I was similarly saddened when I got to the end. I loved his final message–it is never too late.
I just told my husband you, too, cried at the end. Then I thought, “No. I’m not quoting Brian accurately.” I checked here and revised my statement to: “He was similarly saddened.”
Hubby cracked up. I speak guy!
I always get more than expected from your posts. I look forward to each Wednesday’s missive.
I was interested this week in checking out your book. I did run into a problem however: If I don’t see a price on the first page of an offer, I look no further.
Like most things that happen to us in life our stories are both personal and impersonal. Personal because of our own unique journey through it, and impersonal because everyone else has or is going through the same thing; both historically and into the future. Our stories are not unique only our journey through it.
One more quick thing about Steve’s book, at least for now. Did anyone else love the (mostly) short chapters as much as I did? There’s something very satisfying about that format! And it makes any one particular concept “pop.”
I do like the format. Bite-sized and digestible.
Yes, I like that and noticed that too! As you said, there’s something very satisfying about the way he uses that format/technique.
Here’s something worth watching (~13 minutes). A 60 Minutes profile of music producer Rick Rubin. Talk about somebody who’s hearing the Muse:
When I was nine, my mother gave me a blank journal for Christmas. It was the best gift I’d ever (or would ever) receive. I got in the habit of saving my story. And I’ll always wonder how my life has been different for having approached it AS a story.
Even as a waitress, I was forever jotting down notes on cocktail napkins and stuffing them in my pocket. Many years later, the detail I can call up! Six tall beers come to mind, crashing down in slow motion as the entire restaurant falls silent and I try to figure out what to say to the woman in a stunning blue evening gown who’s now drenched in Summit Pale Ale.
Is that why Steve could go into so much detail about different jobs he had? He must have been taking notes as he went along, but was he doing it because he couldn’t NOT do it (which was and is me)? Or was he doing it because (at some level, maybe self-conscious) he knew it would one day be in a book (which became me, eventually)?
Has anyone who’s listened to Steve’s interviews about the book heard him address this?
Thank you so much dear Steve,
Our own lives are a wilderness story too. We fight, we conquer, we strive to face all obstacles imaginable to what end? Death is at the end of the path of us all. If that isn’t a wilderness tale! To know that you will die, but to fight hard like crazy like a stupid and crazy and risky or prudent soul.
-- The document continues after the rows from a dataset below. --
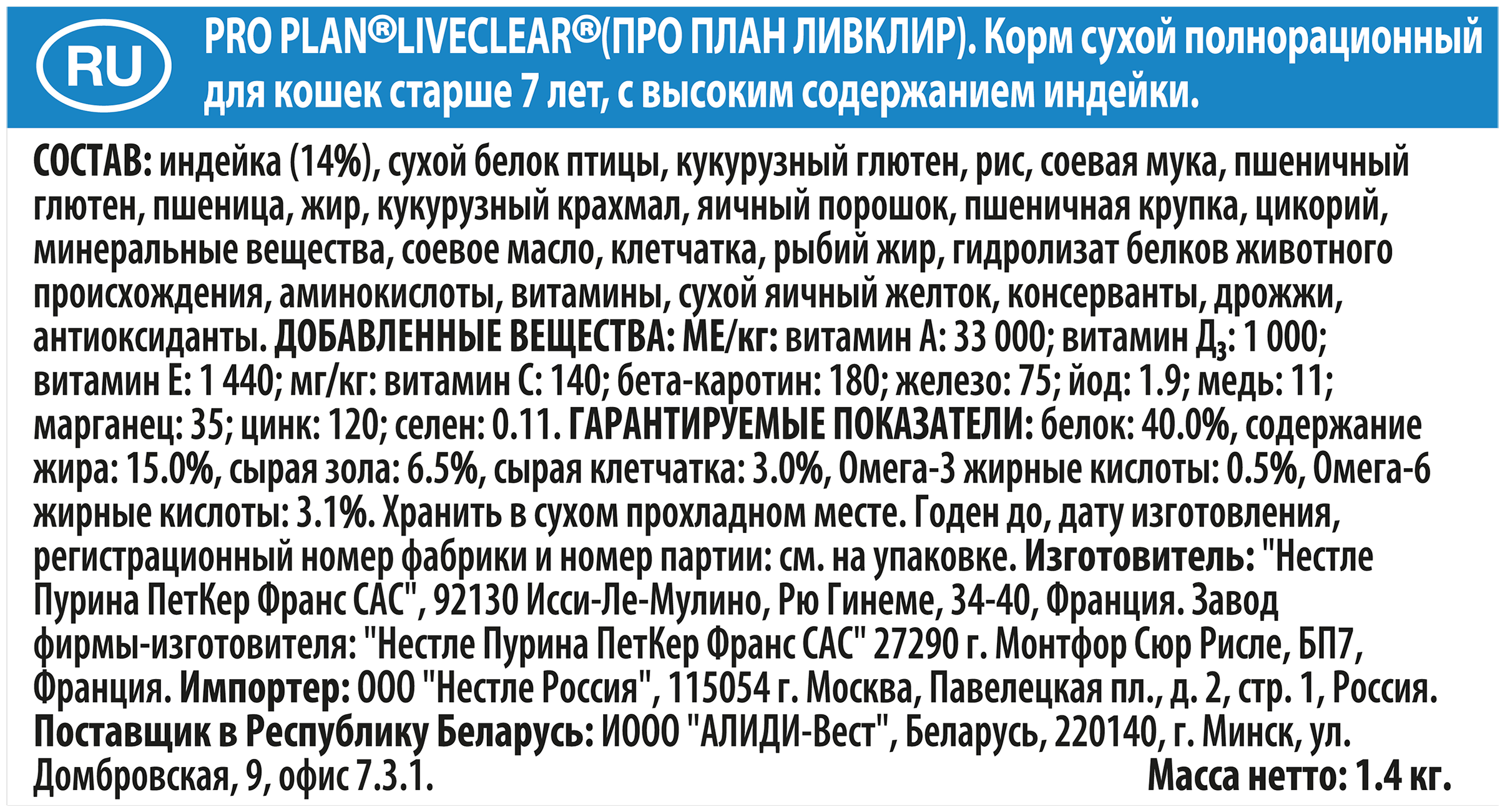 | Размер | Live Clear для стерилизованных старше 7 лет, индейка сух. 1,4кг |
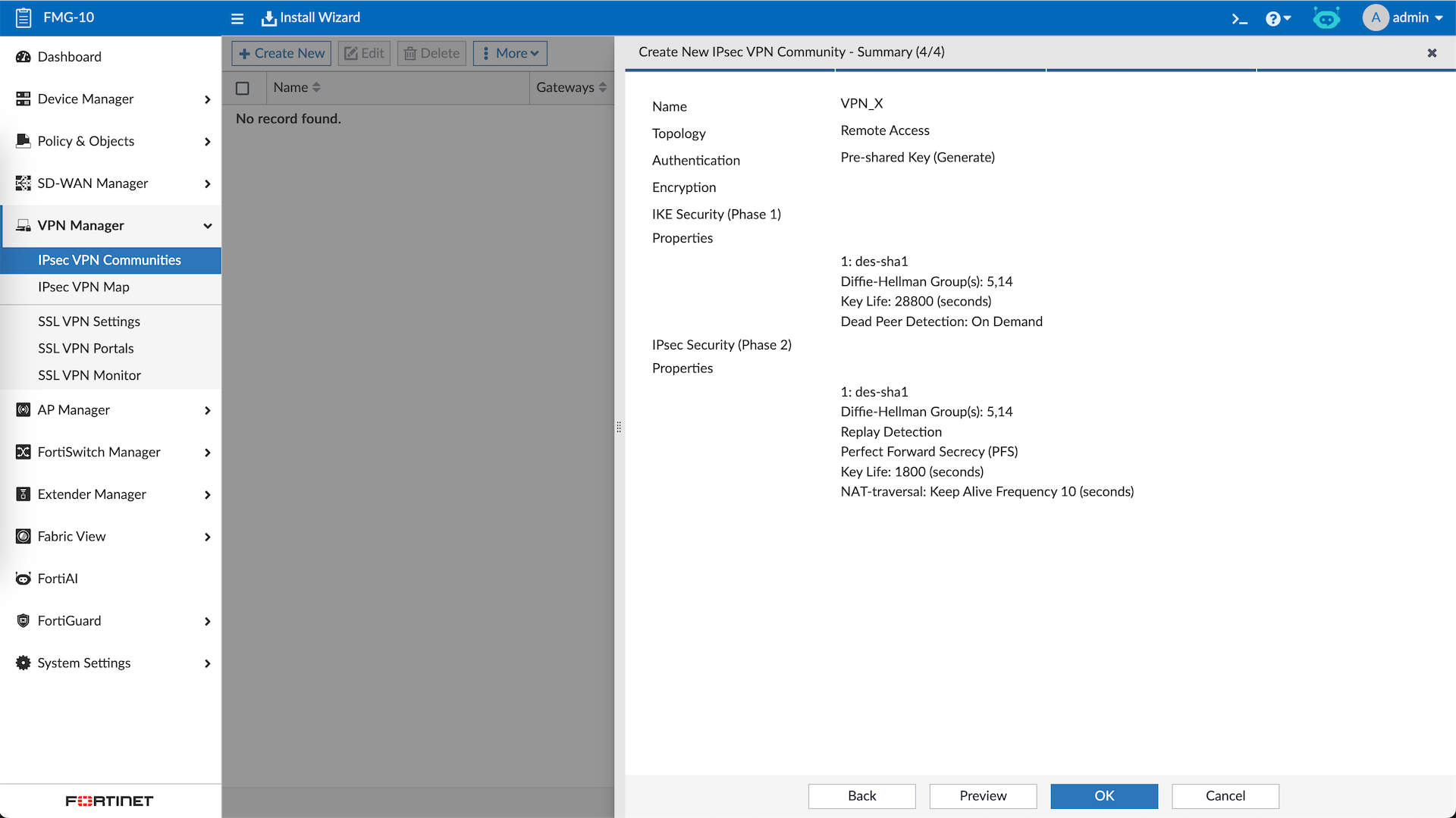 First we will create a VPN Community with Remote Access type for Dial-Up VPN.
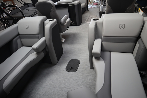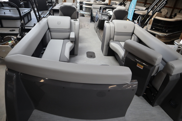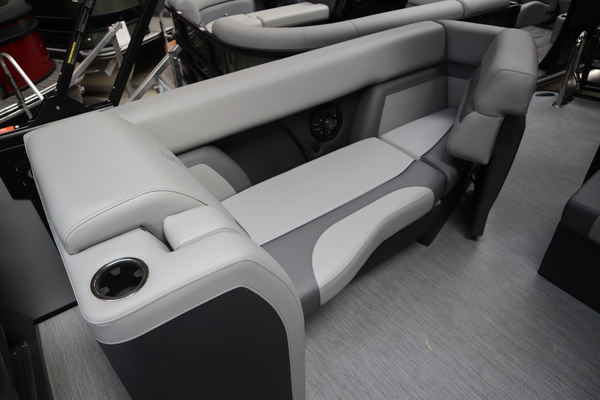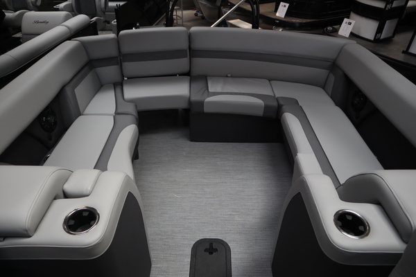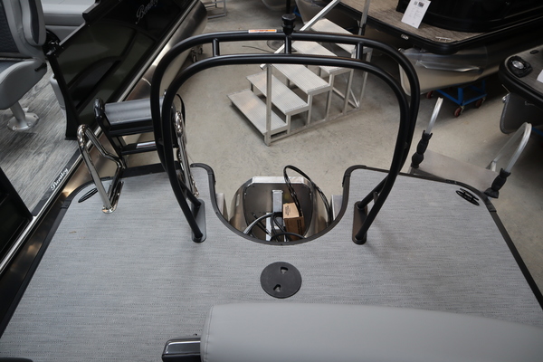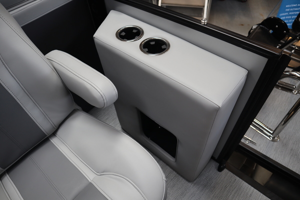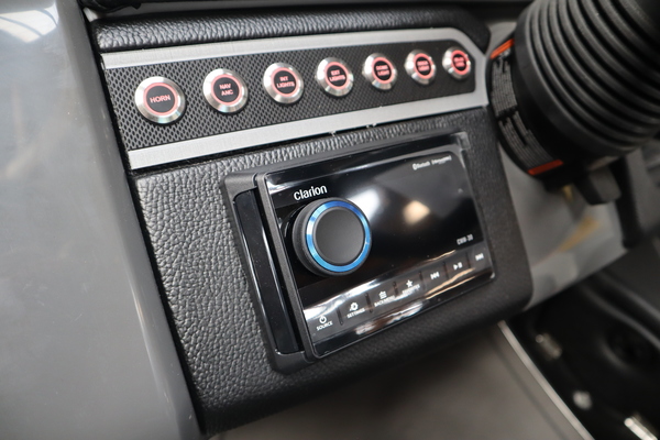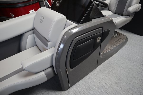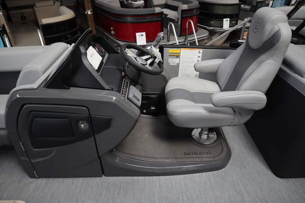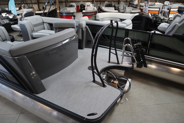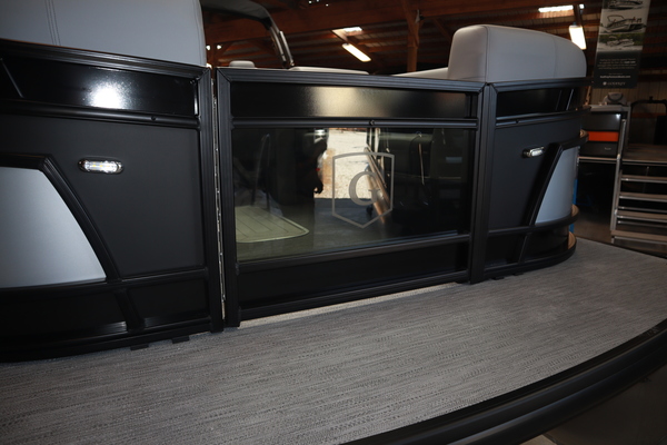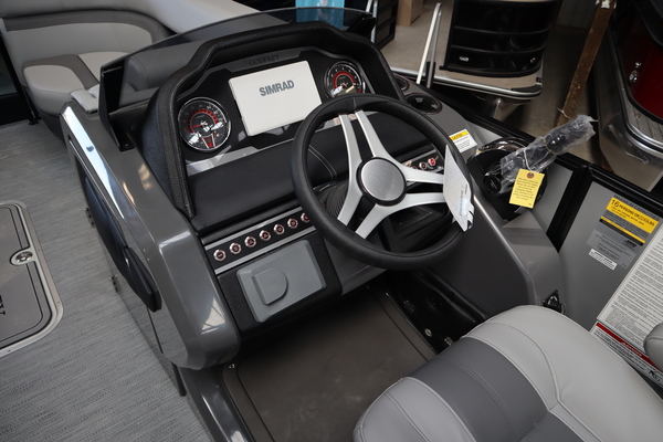 Price includes a Mercury 200XL, Stainless Steel Prop, Tandem Axle trailer with Brakes and 27" iMPACT Center Tube 2.0 Package with Centered Fuel Tank; Two 25" outer tubes with 27" center tube: Under deck skin (full length): Inside Skirting: Lifting strakes: 48 gallon fuel tank: Multifunction GPS Gauges, Back Porch Package; Adds 2' extension at rear, Midnight Package w/ Black Ultimate Ski Tow Cage (Black Skirting w/ Bow Extension, Black Rub Rail w/ Black Vinyl Insert, Black Rails, Black Canopy Frame, Black Corner Caps, Black Ultimate Ski Tow, Black Pull-Up Cleats), Extended Deck (Rear platforms integrated into deck structure with SS Safety Barrier & Gate), LED docking lights, Lilipad Ladder, SeaView Bow Gate, Sea Star Power Assist Steering with Tilt Wheel, In Floor Storage w/ Mat. Standard Power Bimini top with protective boot and dome light (Black) Teak Isle; Folding Table, Wireless Phone Charger - Charging Pad; 10W fast charging, Elevated Helm Station with Matt, Console Trashcan, Glovebox - Lockable, Simrad NSX3007 Touchscreen, Captain's & Co-Captain's Chair Recliner Chair w/ Quilting: Swivel, slider, reclining, fold down arms with 15" pedestal, USB-C charging ports: Additional USB-C Chargers throughout layout, Stainless Steel Cupholders, Toy Box Storage, Sport Black Ski Tow Bar, ScanStrut ATMOS Integrated Air Station, Stereo; Clarion Silver - CMM-30 head unit with full color LCD display, Bluetooth, AUX input, 4x25W RMS output, (4) Speakers with Sport Black Grilles & Clarion CMR-30 Premium Digital Stern Remote with full color LCD display
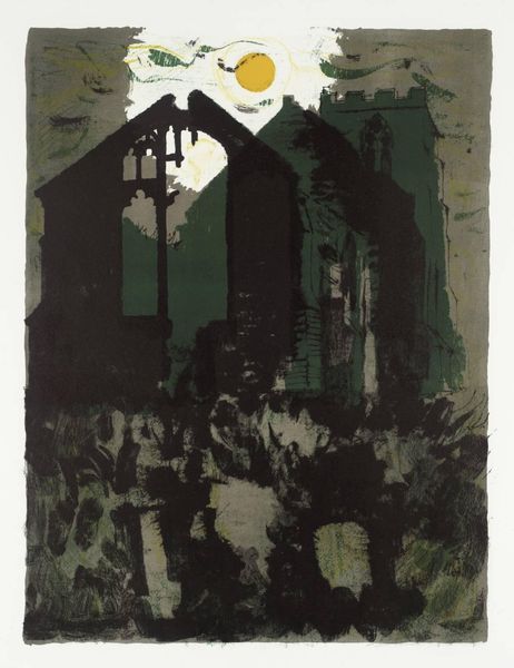 Editor: This is John Piper's "Petit Palais: Pink and Yellow" from the Tate Collection. The architectural forms are so striking, but the colours feel almost jarring together. What symbols or meanings do you see at play here? Curator: The Petit Palais, though fragmented, suggests enduring cultural institutions. Notice how Piper uses colour and form to convey memory. The fractured image could represent the way we piece together the past, influenced by subjective experience. What feelings do the pink and yellow evoke in you? Editor: Perhaps a sense of nostalgia mixed with unease, considering how disjointed the palace appears. Curator: Precisely! Piper’s work reminds us that symbols are never fixed; they evolve with cultural and emotional context, inviting constant reinterpretation. Editor: This definitely gives me a new way to appreciate how complex a seemingly simple building can be!

Its also crazy to let oneself surrender to the shapes of antagonism and fanaticism etc with such an ending.
Only a few years.
Only one soul wandering in the universe.
All is in vain. But the beauty of its light and its warmth is so… beautiful. No?
“Every book, every movie, every legend, every myth is a wilderness story. They are all about a character or group of characters who are estranged or cast out from some aspect of their deeper selves.”
I’ve always found it fascinating how the “Hero’s Journey” framework is played out in so many classic/timeless stories and movies. The hero leaves the regular world, struggles, is transformed and returns.
But Steve takes this to another level with what he mentions in today’s post. This idea of being “estranged or cast out from some aspect of their deeper selves” is really quite profound! This is no doubt part of why the “Hero’s Journey” framework is so satisfying and universal.
tell me of whence you came, and what troubles ye have born
So true, Steve! It’s all about battling thru the trees, blazing our own artistic path. Going A to B means trudging thru the wilderness. Thanks for the reminder of this universal journey.
Yes, you said that correctly, Steve! It’s about cutting our own trail through the forest of convention. The path from point A to point B goes straight through the woods. Much obliged for the timely reminder of our shared path.